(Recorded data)
>>>>

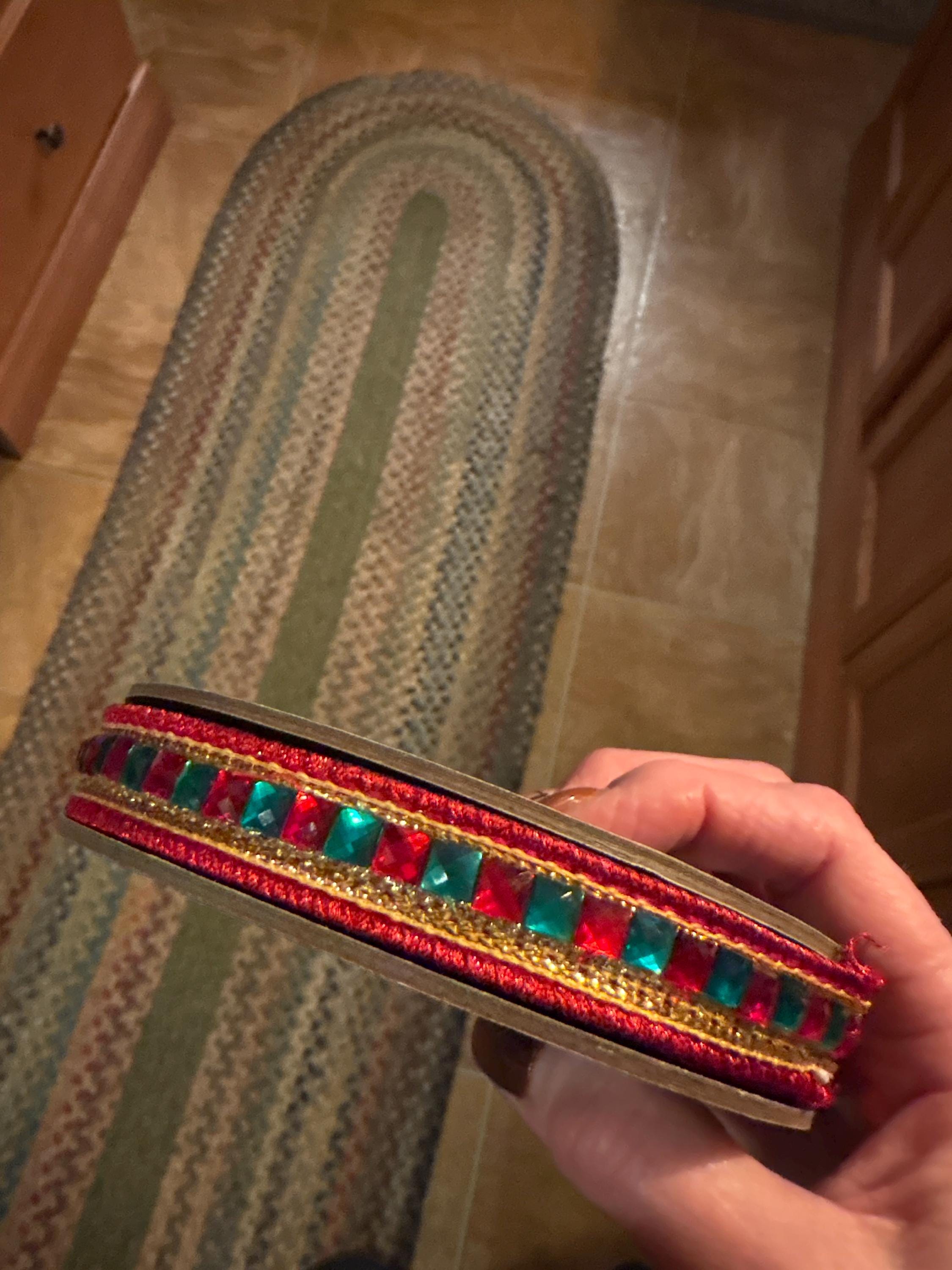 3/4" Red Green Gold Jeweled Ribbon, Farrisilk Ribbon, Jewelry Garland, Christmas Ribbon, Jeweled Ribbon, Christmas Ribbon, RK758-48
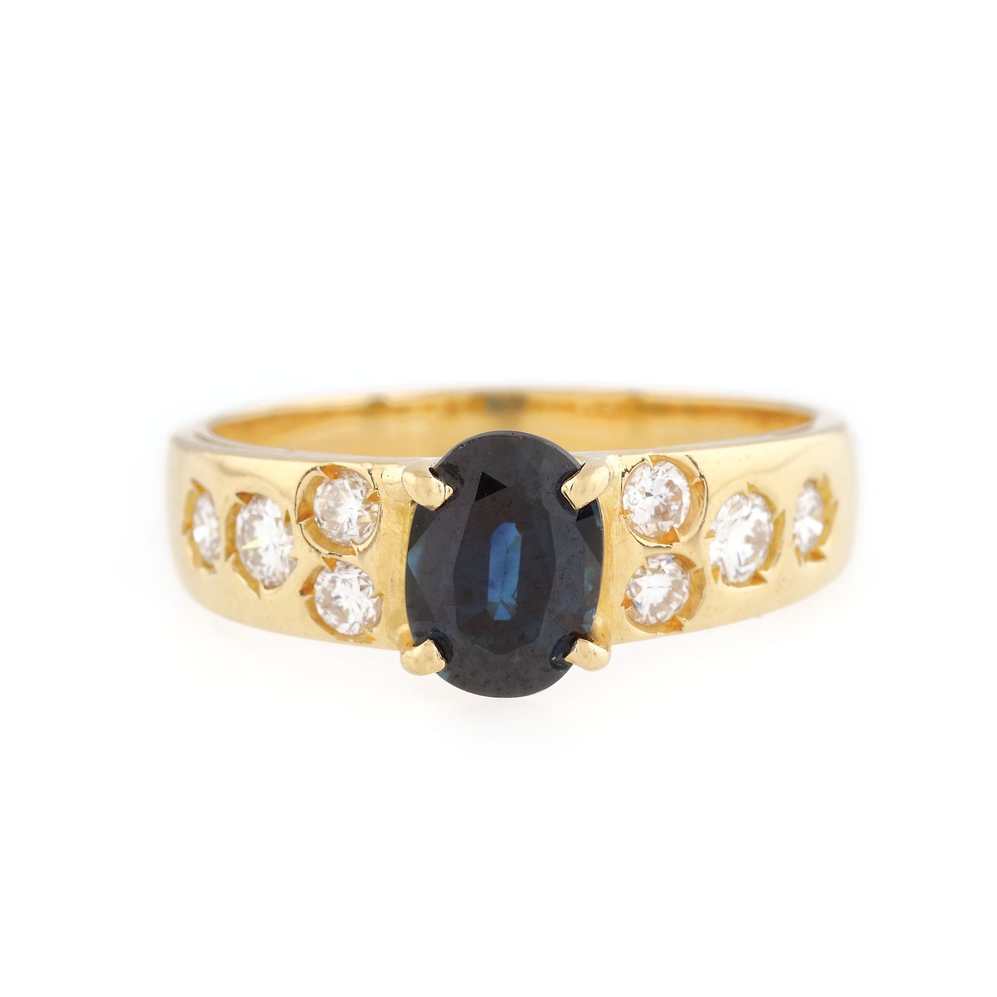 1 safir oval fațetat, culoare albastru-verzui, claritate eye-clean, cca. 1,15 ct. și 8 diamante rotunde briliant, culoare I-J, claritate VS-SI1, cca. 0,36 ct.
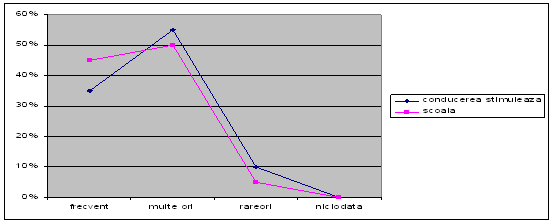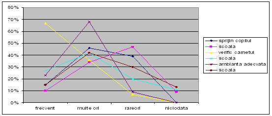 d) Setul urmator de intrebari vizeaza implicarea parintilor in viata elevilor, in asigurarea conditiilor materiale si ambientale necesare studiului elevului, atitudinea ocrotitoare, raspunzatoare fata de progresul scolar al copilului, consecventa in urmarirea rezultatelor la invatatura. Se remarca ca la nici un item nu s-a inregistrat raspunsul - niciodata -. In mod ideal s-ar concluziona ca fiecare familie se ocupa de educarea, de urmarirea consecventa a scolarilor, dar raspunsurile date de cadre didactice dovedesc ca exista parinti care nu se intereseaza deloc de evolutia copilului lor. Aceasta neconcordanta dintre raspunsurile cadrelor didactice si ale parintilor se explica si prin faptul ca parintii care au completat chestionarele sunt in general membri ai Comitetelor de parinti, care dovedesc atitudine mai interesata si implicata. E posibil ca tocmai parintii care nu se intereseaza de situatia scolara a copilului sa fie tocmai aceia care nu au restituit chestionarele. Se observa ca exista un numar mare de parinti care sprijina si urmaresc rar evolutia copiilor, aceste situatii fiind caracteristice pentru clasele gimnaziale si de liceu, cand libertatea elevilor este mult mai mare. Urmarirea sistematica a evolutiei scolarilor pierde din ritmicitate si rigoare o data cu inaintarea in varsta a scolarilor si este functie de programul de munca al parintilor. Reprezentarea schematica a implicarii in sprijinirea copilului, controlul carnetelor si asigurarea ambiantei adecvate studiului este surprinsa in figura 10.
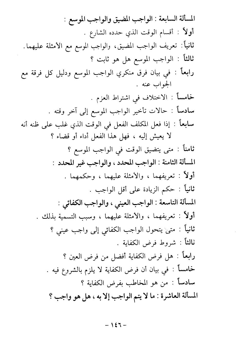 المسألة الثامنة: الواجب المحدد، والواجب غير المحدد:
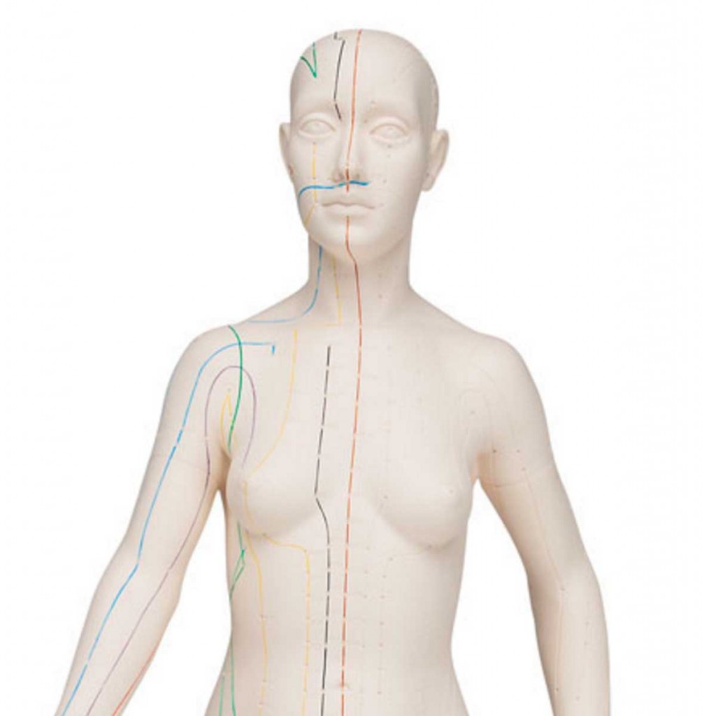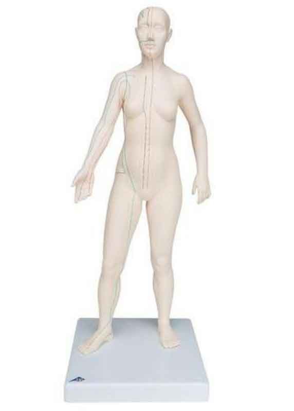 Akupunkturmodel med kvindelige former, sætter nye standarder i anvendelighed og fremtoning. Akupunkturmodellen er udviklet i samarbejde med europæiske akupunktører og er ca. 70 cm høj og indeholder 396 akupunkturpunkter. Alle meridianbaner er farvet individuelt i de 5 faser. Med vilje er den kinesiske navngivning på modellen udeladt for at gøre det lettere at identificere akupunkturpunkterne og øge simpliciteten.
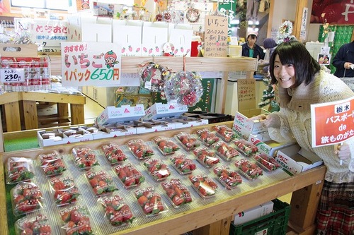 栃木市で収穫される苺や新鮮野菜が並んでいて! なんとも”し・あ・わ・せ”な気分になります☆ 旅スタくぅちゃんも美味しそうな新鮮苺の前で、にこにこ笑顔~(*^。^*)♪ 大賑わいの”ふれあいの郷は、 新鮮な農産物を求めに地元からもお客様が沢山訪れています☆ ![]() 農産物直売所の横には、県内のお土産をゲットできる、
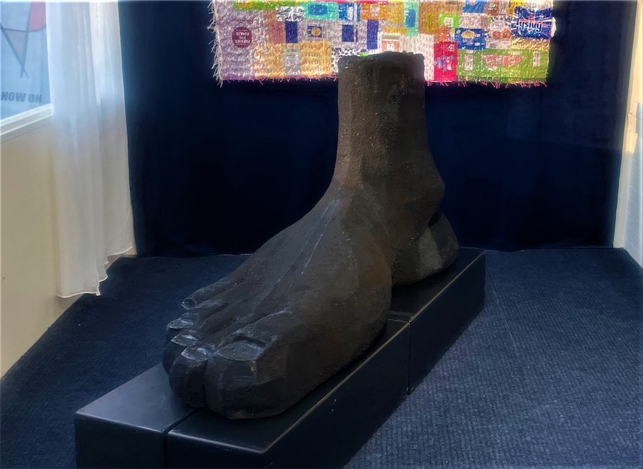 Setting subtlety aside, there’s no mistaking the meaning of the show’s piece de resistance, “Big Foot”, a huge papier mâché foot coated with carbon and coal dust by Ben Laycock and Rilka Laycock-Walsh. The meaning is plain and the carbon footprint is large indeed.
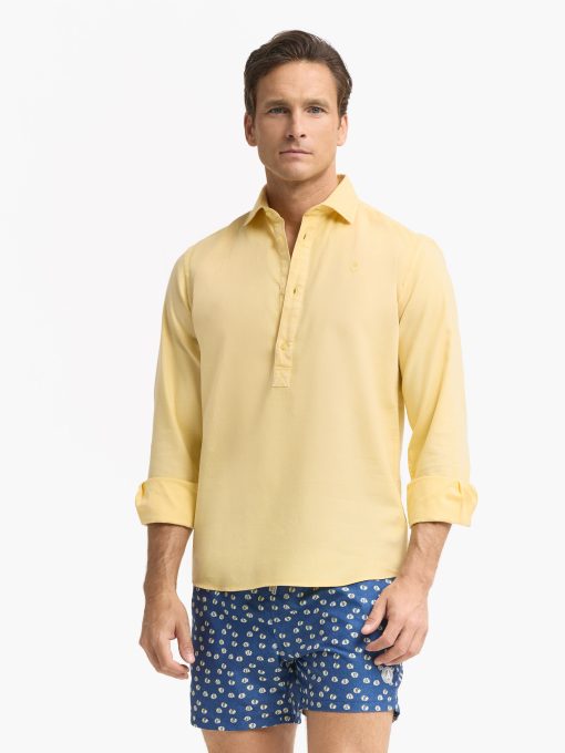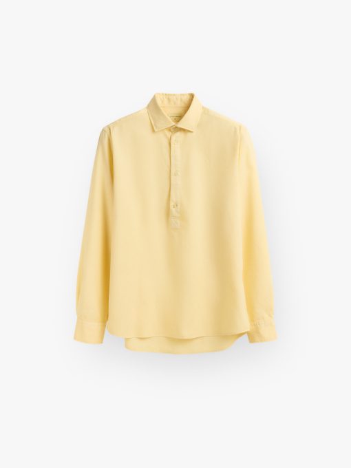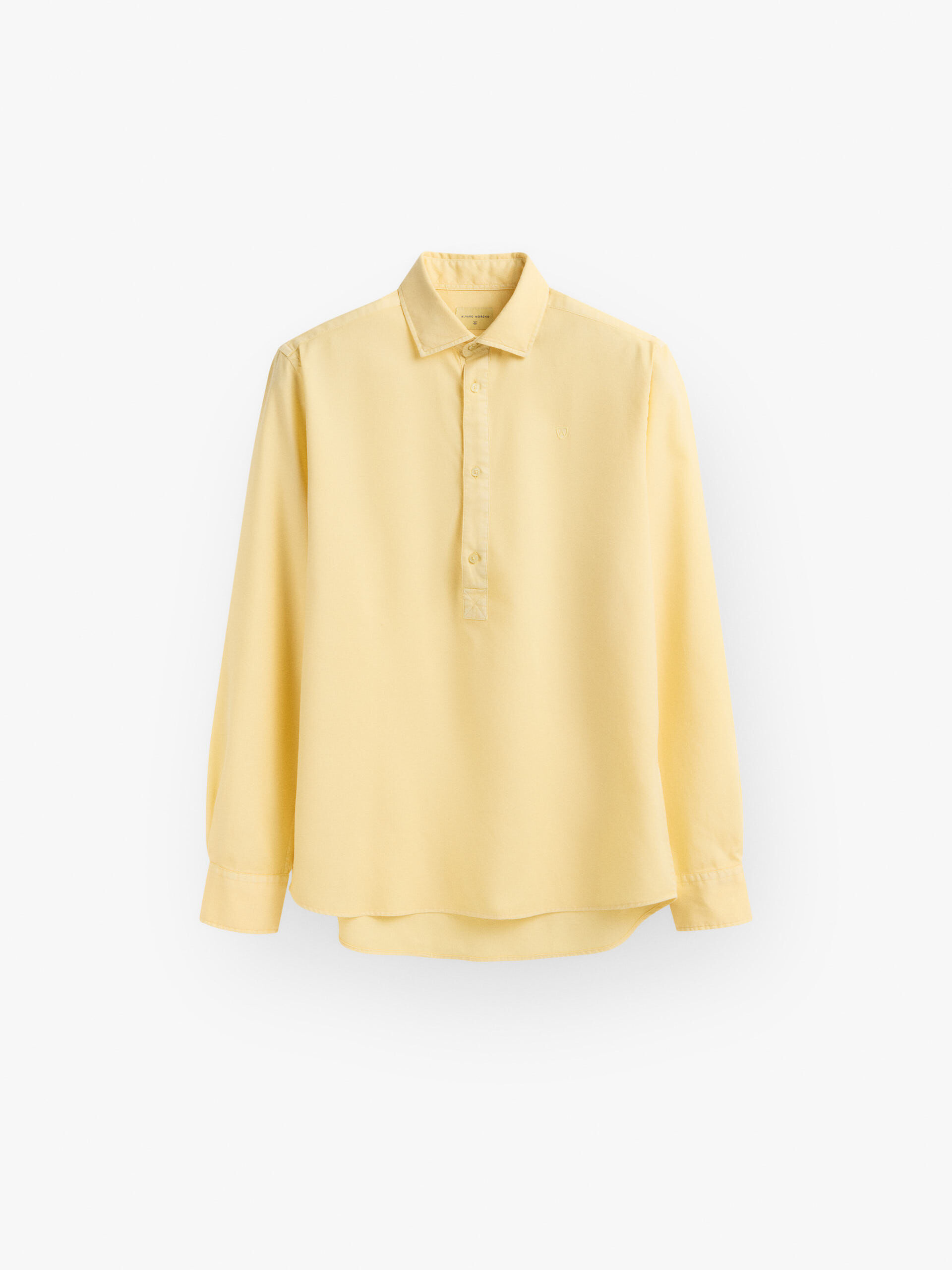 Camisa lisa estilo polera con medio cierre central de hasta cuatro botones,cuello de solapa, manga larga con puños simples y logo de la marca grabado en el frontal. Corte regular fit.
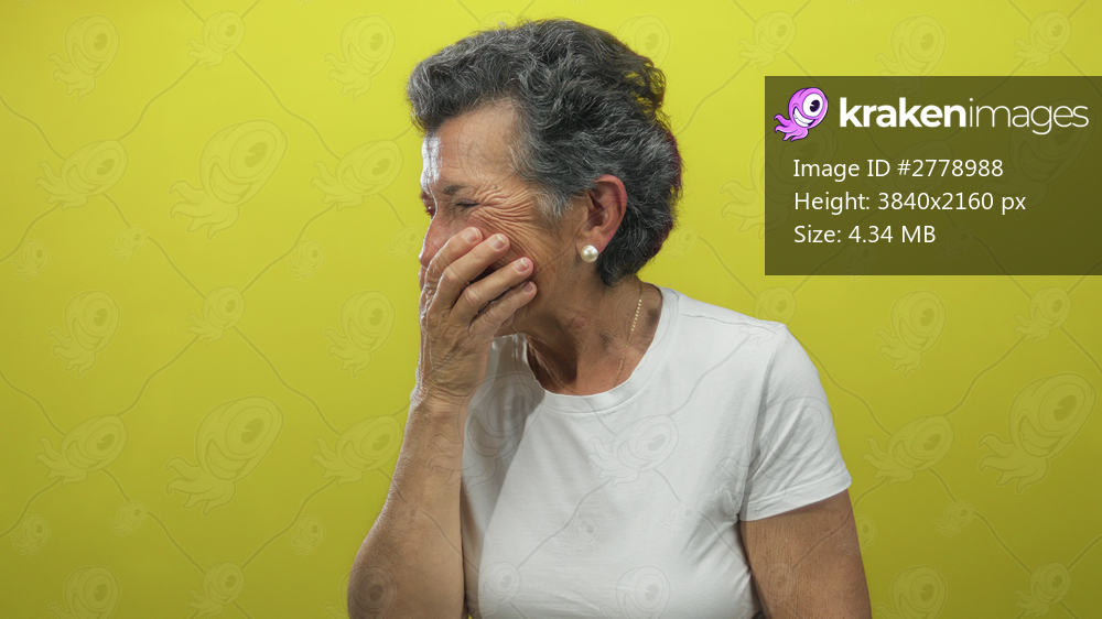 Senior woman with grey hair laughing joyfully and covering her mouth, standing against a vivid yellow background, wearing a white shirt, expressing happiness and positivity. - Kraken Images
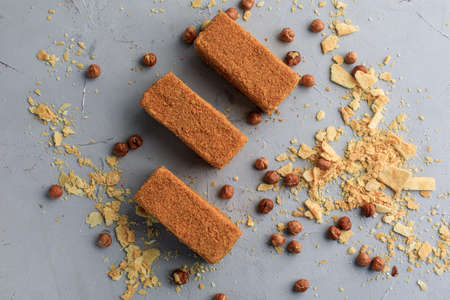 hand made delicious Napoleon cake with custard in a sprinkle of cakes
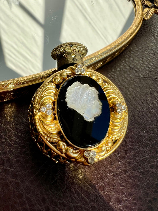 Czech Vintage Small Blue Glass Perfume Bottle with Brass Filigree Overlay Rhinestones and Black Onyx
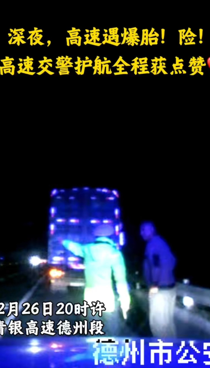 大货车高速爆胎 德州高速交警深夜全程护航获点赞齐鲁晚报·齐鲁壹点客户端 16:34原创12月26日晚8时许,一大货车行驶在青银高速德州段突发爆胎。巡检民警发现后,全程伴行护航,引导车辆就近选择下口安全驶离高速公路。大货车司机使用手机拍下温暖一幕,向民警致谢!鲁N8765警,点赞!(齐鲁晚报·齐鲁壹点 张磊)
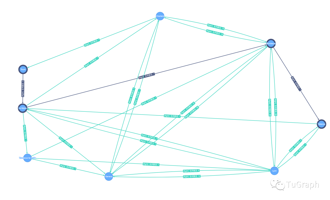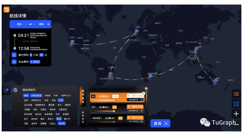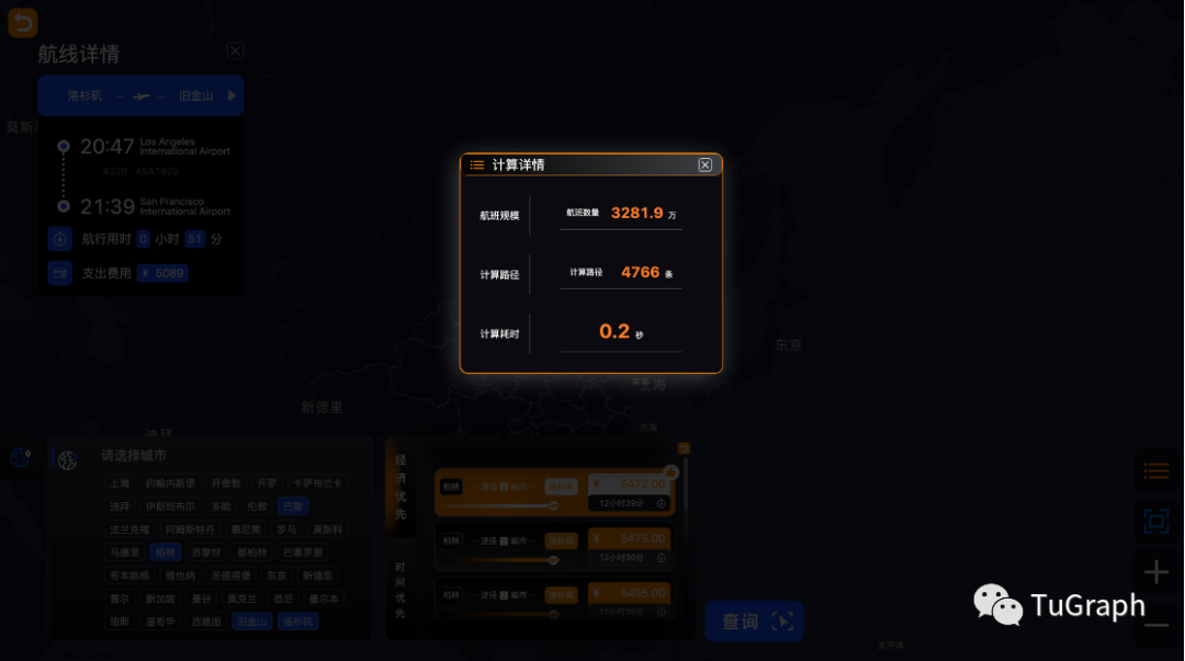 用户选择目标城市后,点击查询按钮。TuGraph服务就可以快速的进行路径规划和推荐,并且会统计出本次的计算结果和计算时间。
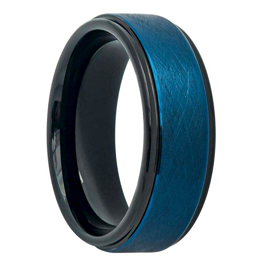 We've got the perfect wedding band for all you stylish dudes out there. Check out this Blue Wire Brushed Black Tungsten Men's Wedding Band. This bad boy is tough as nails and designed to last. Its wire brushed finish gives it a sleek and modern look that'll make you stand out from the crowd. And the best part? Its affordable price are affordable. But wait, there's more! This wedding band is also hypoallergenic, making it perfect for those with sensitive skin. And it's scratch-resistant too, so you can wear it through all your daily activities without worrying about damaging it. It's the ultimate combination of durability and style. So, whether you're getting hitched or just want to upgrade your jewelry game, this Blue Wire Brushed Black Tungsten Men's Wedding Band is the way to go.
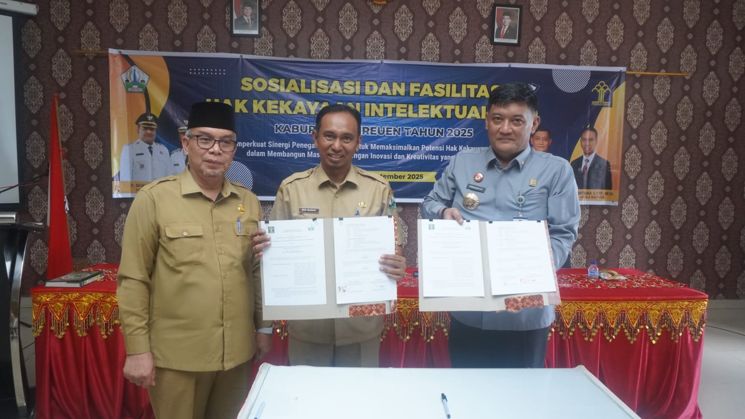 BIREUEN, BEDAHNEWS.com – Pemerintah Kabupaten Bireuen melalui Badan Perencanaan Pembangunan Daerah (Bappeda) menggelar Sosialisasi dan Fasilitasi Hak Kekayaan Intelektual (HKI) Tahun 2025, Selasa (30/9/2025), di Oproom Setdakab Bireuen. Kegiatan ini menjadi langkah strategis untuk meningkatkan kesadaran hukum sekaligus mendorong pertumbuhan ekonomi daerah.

<<<<

▶ TASK PROMPT:
The answer should contain only the lines from the start of the records above through the line with "المسألة الثامنة: الواجب", copied exactly, and no pictures.

▶ TASK ANSWER:
 3/4" Red Green Gold Jeweled Ribbon, Farrisilk Ribbon, Jewelry Garland, Christmas Ribbon, Jeweled Ribbon, Christmas Ribbon, RK758-48
 1 safir oval fațetat, culoare albastru-verzui, claritate eye-clean, cca. 1,15 ct. și 8 diamante rotunde briliant, culoare I-J, claritate VS-SI1, cca. 0,36 ct.
 d) Setul urmator de intrebari vizeaza implicarea parintilor in viata elevilor, in asigurarea conditiilor materiale si ambientale necesare studiului elevului, atitudinea ocrotitoare, raspunzatoare fata de progresul scolar al copilului, consecventa in urmarirea rezultatelor la invatatura. Se remarca ca la nici un item nu s-a inregistrat raspunsul - niciodata -. In mod ideal s-ar concluziona ca fiecare familie se ocupa de educarea, de urmarirea consecventa a scolarilor, dar raspunsurile date de cadre didactice dovedesc ca exista parinti care nu se intereseaza deloc de evolutia copilului lor. Aceasta neconcordanta dintre raspunsurile cadrelor didactice si ale parintilor se explica si prin faptul ca parintii care au completat chestionarele sunt in general membri ai Comitetelor de parinti, care dovedesc atitudine mai interesata si implicata. E posibil ca tocmai parintii care nu se intereseaza de situatia scolara a copilului sa fie tocmai aceia care nu au restituit chestionarele. Se observa ca exista un numar mare de parinti care sprijina si urmaresc rar evolutia copiilor, aceste situatii fiind caracteristice pentru clasele gimnaziale si de liceu, cand libertatea elevilor este mult mai mare. Urmarirea sistematica a evolutiei scolarilor pierde din ritmicitate si rigoare o data cu inaintarea in varsta a scolarilor si este functie de programul de munca al parintilor. Reprezentarea schematica a implicarii in sprijinirea copilului, controlul carnetelor si asigurarea ambiantei adecvate studiului este surprinsa in figura 10.
 المسألة الثامنة: الواجب المحدد، والواجب غير المحدد:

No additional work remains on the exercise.